Drawing gives a direct reflection of the artist’s intimate and mental process. Hesitation, serendipity and error leave traces. Nothing remains hidden. The purity of the medium provides a tenuous result. What happens under the skin is just what Sylvie De Meerleer captures in her drawings.

 

She questions the graphic line, the texture, the carrier and the method of presentation as building blocks of the medium. She extends the research with sculptural interventions such as transparent variants of drawings, pleated and sewn together. Or she cuts drawings and places them with each other in order to complete an image. Sometimes De Meerleer works with found image material. This is illustrated via her choice of ‘stills’ from pornographic films. Her focus is on imagery with volumes and graceful postures. She looks for the psychology of these characters and wonders whether there are in these confrontational images moments of tenderness and intimacy. Other images take shape by utilizing the possibilities of the drawing materials. Then she comes to an abstract representation of lines and points, focusing on the energy released during the working process.

 

In the Coup de Ville exhibition Sylvie De Meerleer combines drawings in amalgamation with a new work in which she further continues her investigation of tenderness, intimacy and tactility. She returns to a childhood memory in which for the first time she became aware of her physicality. Before she fell asleep as a child, her mother regularly drew figures on her bare back.

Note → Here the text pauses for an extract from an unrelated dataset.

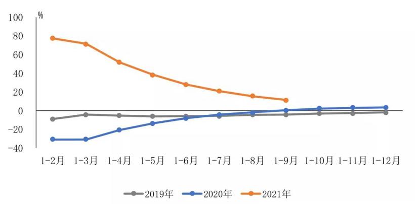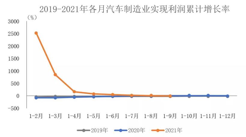 2019-2021年各月汽車制造業(yè)營利潤累計(jì)增長率,圖片來源:中汽協(xié)

The challenge was to find a balance between mental alertness and enjoying fading away. When she was able to guess what was drawn: a square, heart, sun, rain, hail, ... she was rewarded with an additional drawing. These soft engravings showed no physical or tangible trace, the drawings always remained invisible. It’s about a perception, sensing a culture that is not tangible. Unveiling such experiences seems almost impossible, which is why the artist opts for a video composition and a weekly performance in which she draws on the back of interested people in a private room.

 

Striving to reveal the importance of tactility and intimacy she revisits a youthful evocation and disseminates this among others.